Working from home with toddlers is hard. You need to ask your colleagues to be the adults in the room, because your toddler will have no chill when it comes to your work schedule.
A Few Don’ts
In my experience, here are a few things to avoid while trying to work when your children are running around the house:
- Getting dressed: First of all, stuffing my kids into “day” clothes is a giant battle every morning even under normal circumstances. I’d rather spend that time working or setting up their play area. The second problem is that when my kids get dressed, they expect to be let outside. But I can’t take them outside because I have to work. My kids are spending the coronavirus pandemic in their pajamas. Judge me if you must.
- Musical instruments: Maybe you can work while children are tootling on whistles, horns, banging drums and cymbals, or tickling a keyboard. I cannot. I keep the music-making toys as closely guarded as I do the rat poison.
- Paint: Do I really need to explain this one? Some day, my kids will be old enough to paint without adult supervision. But today is not that day. I’d sooner let them play with an Easy Bake nuclear reactor oven during the workday than their painting supplies.
These are difficult times for families. Our workplaces are designed around the concept that somebody else should be taking care of our children while we work. Working and parenting at the same time is simply not something that our society is designed to allow.

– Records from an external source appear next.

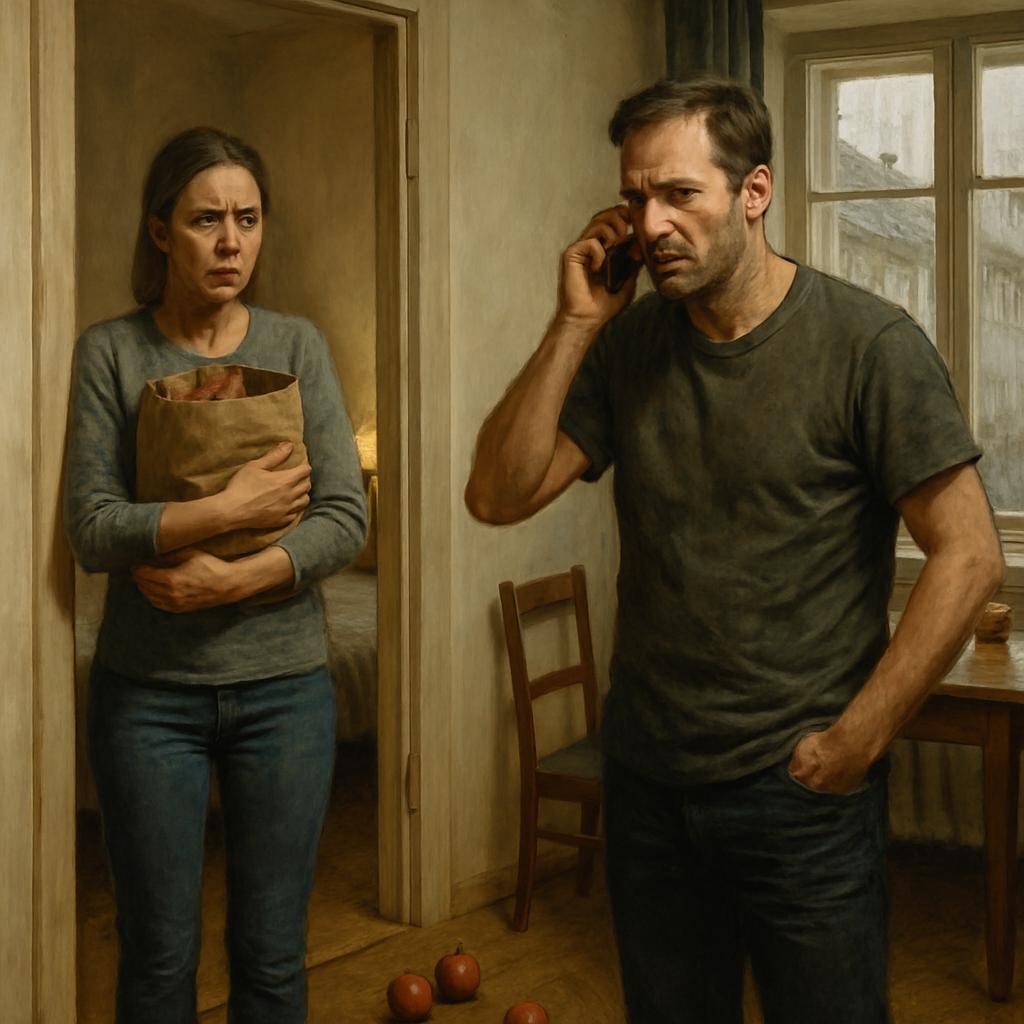 Пакет выскользнул из рук, и яблоки с глухим стуком покатились по паркету. В квартире воцарилась звенящая тишина. Богдан выглянул из спальни, заметил меня — на его лице на мгновение отразилось выражение человека, пойманного врасплох. Но уже через секунду он натянул привычную улыбку: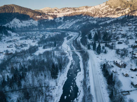 Calm and cosy fairy-tale village Kryvorivnia covered with snow in the Carpathians mountains, aerial view. Typical landscape in Hutsulshchyna National Park in Ukraine. Vacation and winter sports.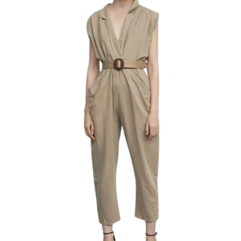 Kombinezon damski Zara lniany beżowy bez rękawów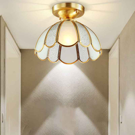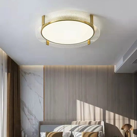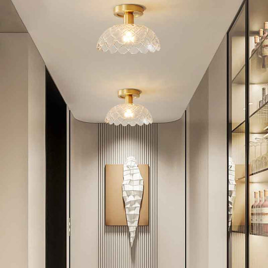 Minimalist Textured Glass Shade Brass LED Ceiling Light for Hallway Bedroom Balcony
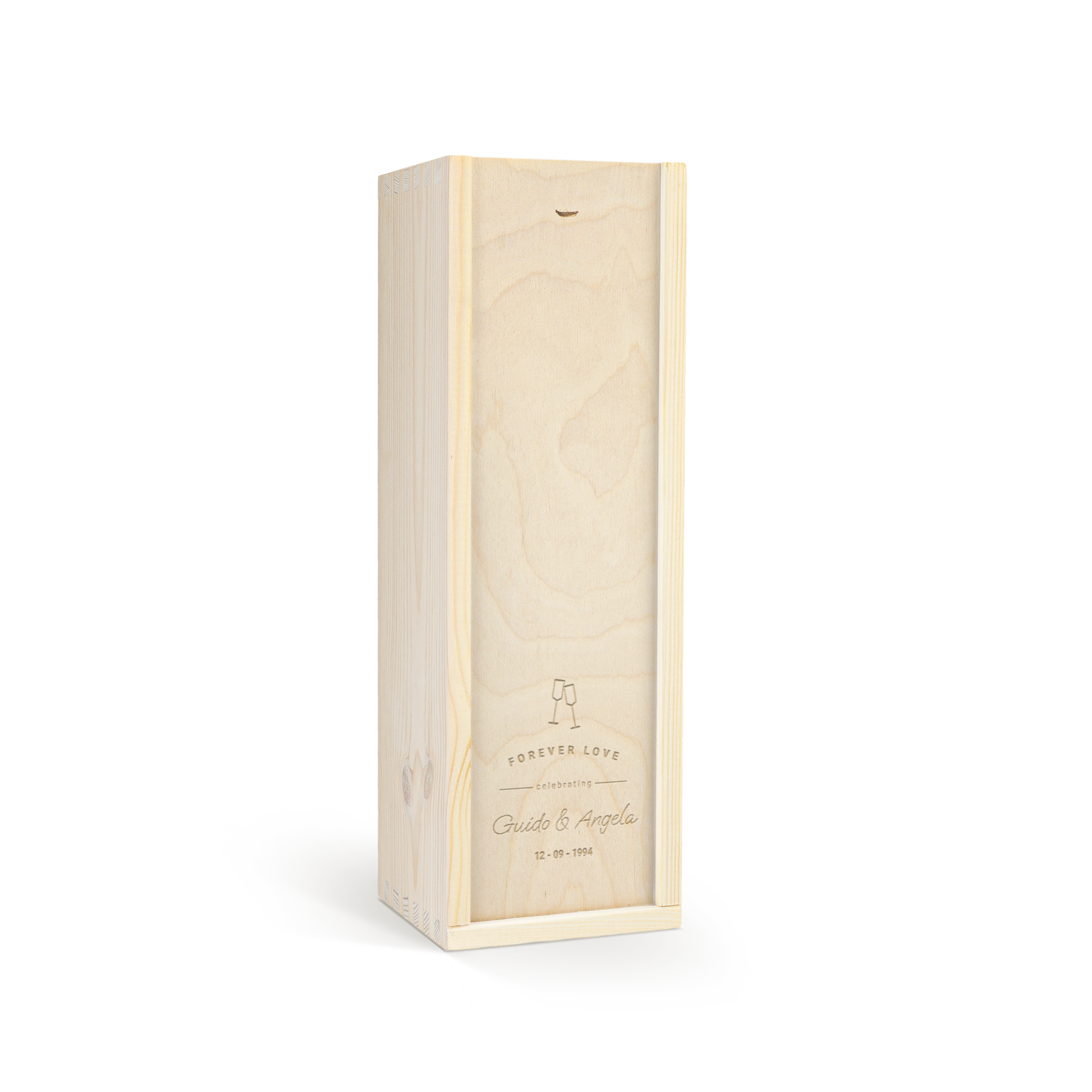 Más información sobre la caja de vino. Dimensiones de la caja: 36.5 x 12 x 11 cm. Dimensiones de la tapa: 35.6 x 10.2 cm Material: madera de pino Apto para una botella estándar de 75 cl.Personalización: con nombre o texto, en la tapa de la caja de maderaExtra: caja de madera con certificación FSC A tener en cuenta: la caja de vino se entrega vacía.La madera es un producto natural. Como resultado, tu regalo puede diferir ligeramente de las imágenes de ejemplo en el sitio web.

But we’re in a crisis, and so everybody just has to try to their best. My last piece of unsolicited advice, from one veteran working from home to new ones: When in doubt, resolve the tension in favor of your kid. You won’t regret missing the first part of your Zoom meeting because hide-and-seek ran a little long. You won’t regret having to log back into work in the evening because you peaced out at 4 pm to help with some Lego architecture.

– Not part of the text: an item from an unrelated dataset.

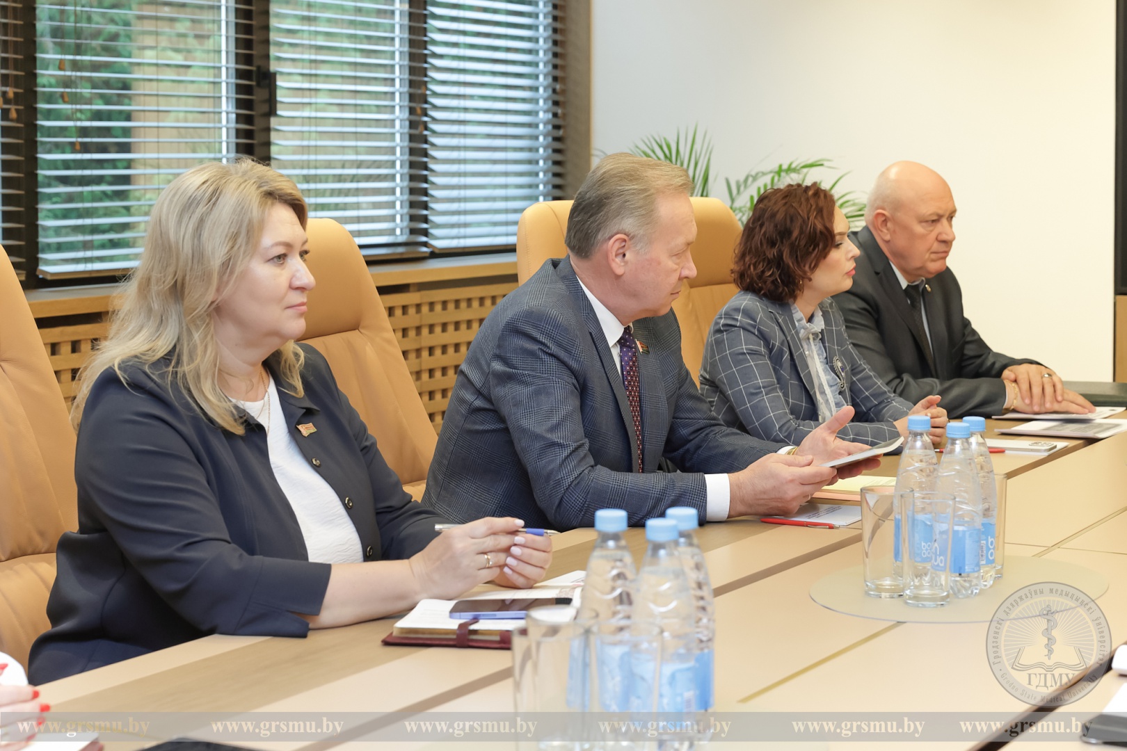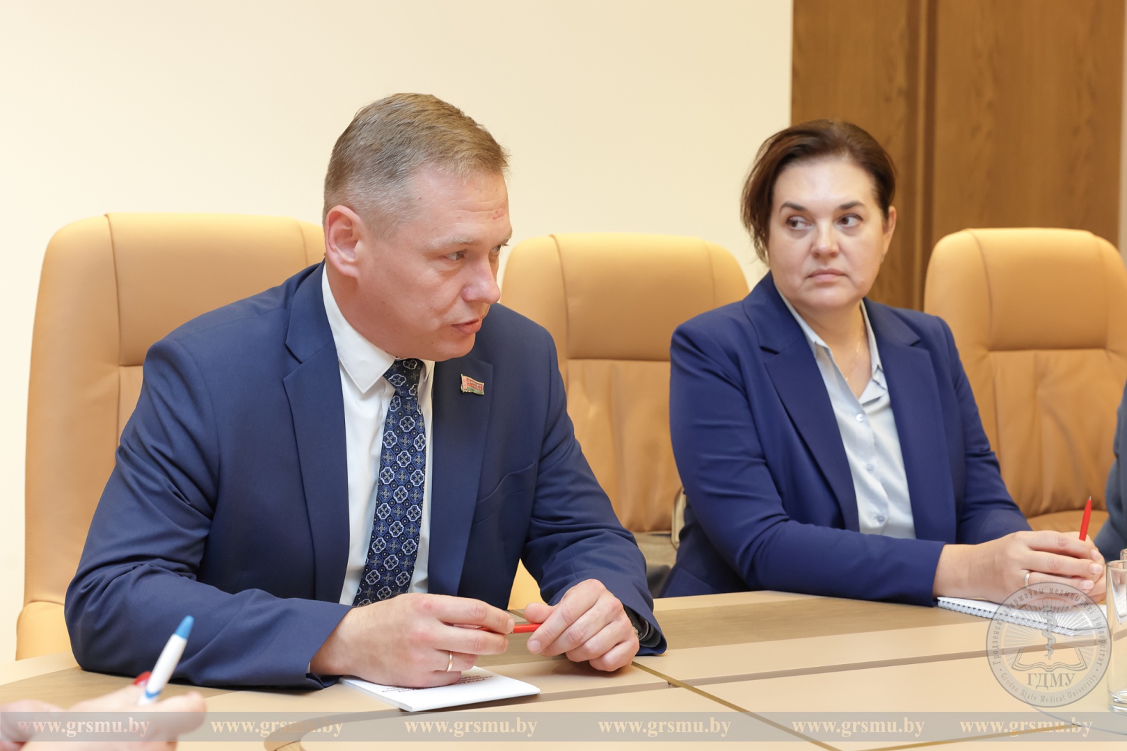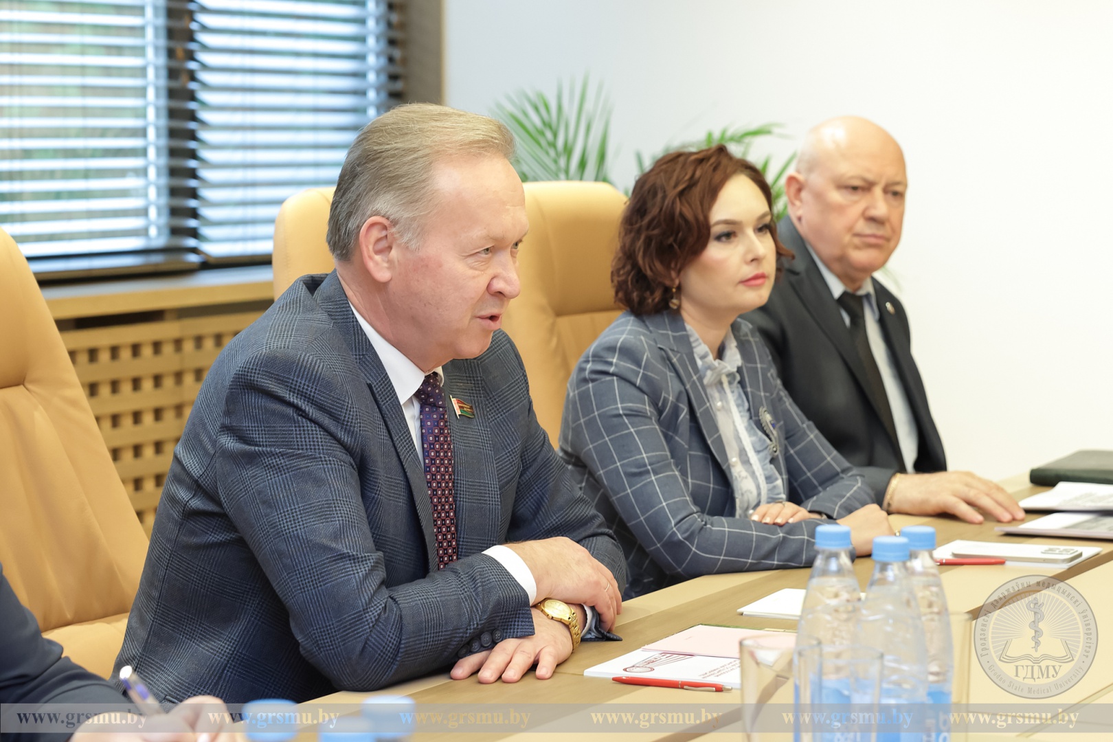 В начале встречи ректор Игорь Георгиевич Жук представил подробную информацию об университете. Он отметил, что за 67 лет существования вуз подготовил для системы здравоохранения более 30 000 практикующих врачей. ГрГМУ также активно занимается подготовкой медицинских кадров для зарубежных стран. На факультете иностранных учащихся ГрГМУ обучается свыше 1 300 студентов из 30 стран мира, среди которых есть и граждане Российской Федерации.

Working from home, with incomplete child care, over many snow days and summer breaks, I have often found myself standing at my front door, trying to convince myself not to open it in the hope that my kids would take the hint and go play in traffic or join the circus or get abducted by aliens. But, for the life of me, I can’t remember what they specifically did to make me want to sell them on eBay. The only specifics I remember are the good times we’ve had.
We’ll get through this, and when they go back to school, we’ll miss these little gremlins. All these tips are designed to make them hush up long enough for us to remember that. Good luck.